Beschluss zur Honoraranpassung rechtlich überprüfen
Außerdem erteilte die KBV-VV dem KBV Vorstand den weiteren Auftrag, den aktuellen Beschluss des Erweiterten Bewertungsausschusses zur Anpassung des Orientierungswertes juristisch prüfen zu lassen. Geschaut werden soll, ob hier alles mit rechten Dingen zugegangen ist und ob die vom SGB vorgegebenen Qualitätskriterien eingehalten worden sind.

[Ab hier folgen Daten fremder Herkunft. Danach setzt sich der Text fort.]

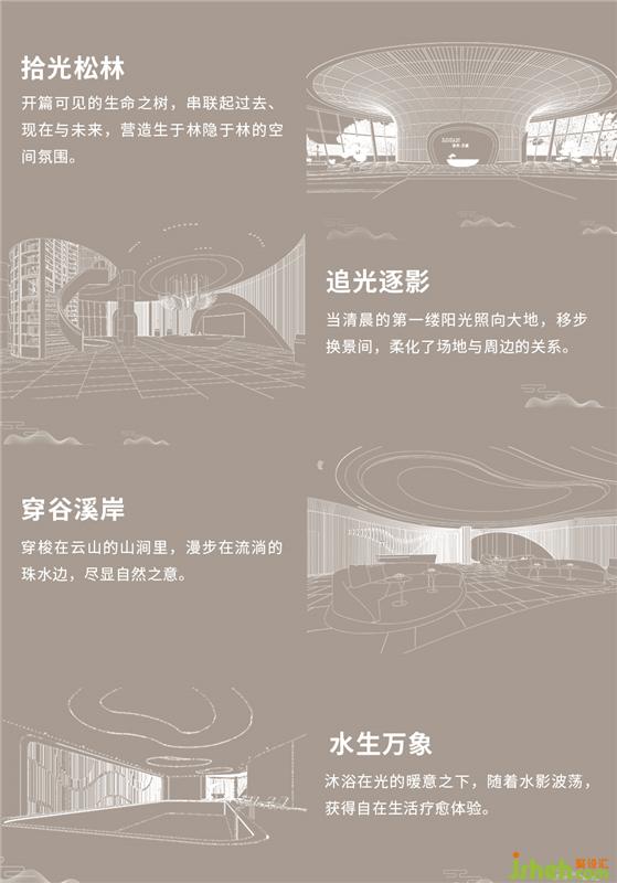 設(shè)計(jì)試圖通過對(duì)自然形態(tài)重新拆解、抽象和再定義,在光的相遇,云的漫不經(jīng)心,水的靈動(dòng),樹的溫潤(rùn),將室內(nèi)室外的邊界打破,建造人居生活的詩與遠(yuǎn)方。

Auch sei zu prüfen, ob die wechselnden Kalkulationsgrundlagen rechtmäßig seien. Und ist es korrekt, dass die „explodierende Inflation“ im Beschluss nicht berücksichtigt wurde? Sollten sich hier Unstimmigkeiten ergeben, soll der KBV Vorstand Klage gegen den Beschluss einreichen.
Vorschlag: Zuschläge, um Energiekosten abzudecken
In der anschließenden Pressekonferenz schlugen Gassen und der stellvertretende KBV-Vorstandsvorsitzende Dr. Stefan Hofmeister leistungsbezogene, eventuell zeitlich begrenzte Zuschläge vor, die die gestiegenen Energiekosten abdecken könnten. Aber wichtiger als das “wie?” sei zunächst, dass überhaupt Bereitschaft signalisiert werde, den Praxen beim Stemmen der Kosten zu helfen.
Besonderes Ärgernis vor allen Dingen für die fachärztlichen Vertreter ist, dass die Neupatientenregelung abgeschafft werden soll. Dafür erntete Bundesgesundheitsminister Karl Lauterbach am Freitag heftige Schelte. Schließlich sei er der Fürsprecher dieser Regel gewesen.